Energy is a resource. Its rate of use is power. Both impose bounds to efficient operation. An application (in most cases) has a base level energy consumption budget. The full set of operations requires a minimum amount of energy. Additional energy will be required depending on data movement, speculative execution, runtime and operating system support mechanisms, and additional work for fault tolerance and security. A last contribution to the energy consumption is choice of processor core rate modulated by variable clock rate, voltage, or other perturbation.

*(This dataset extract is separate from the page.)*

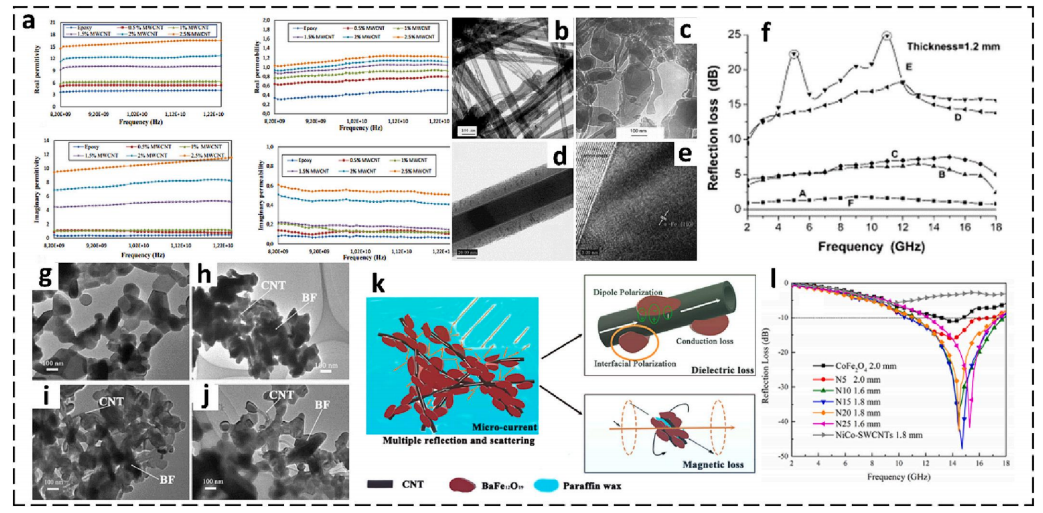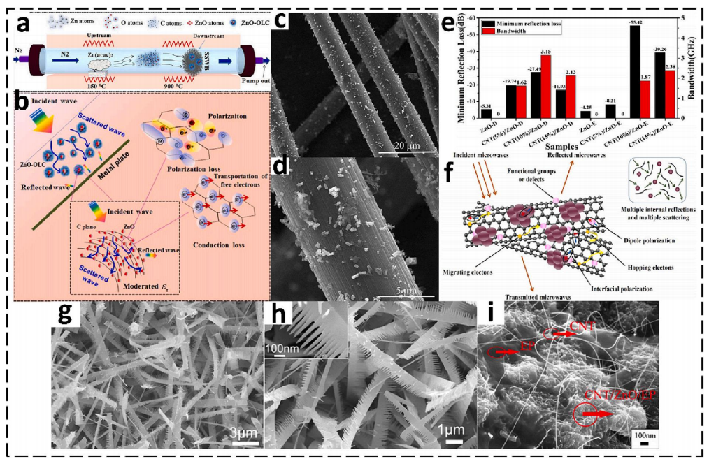 | f | CNT/ZnO復(fù)合材料 | CNT表面負(fù)載ZnO納米針(長度1–2 μm) | 協(xié)同損耗:CNT導(dǎo)電網(wǎng)絡(luò)+ZnO偶極極化 |

This is of value for such techniques as “sprinting” for attacking Amdahl effects.

The tradeoff between energy and power is performance and requires advanced dynamic methods of applying work demand to physical resources. Energy, like time, is a resource that needs to be managed. The number of pJ/nsec is a measure of power while ops/nsec is performance. The tradeoff therefore is performance versus power. But the energy usage varies continuously as the computation workflow varies according to the program requirement and the balance of the machine. ParalleX incorporates a means of managing energy without imposing the policies to be employed.

As part of the ParalleX structure, there is a set of interfaces that provide a source of operational state measurements and means of controlling key operational parameters. For each locality,

ParalleX assumes it has access to monitoring mechanisms for:

 executing threads,

 local memory access,

 remote data movement, and

 ancillary control actions.

It also has measures of energy requirements for each class of operation to provide estimates of power and energy consumption as well as overall power usage on a coarser gain for correlation and calibration. For control purposes ParalleX assumes the ability to modulate key operational parameters including:

 voltage rails,

 clock rate for processor cores,

 bit rate for communication channels,

 resource module on or off (active/quiescent), and others

With these, ParalleX includes interface protocols for policy procedures to be incorporated for optimizing power consumption according to user requirements.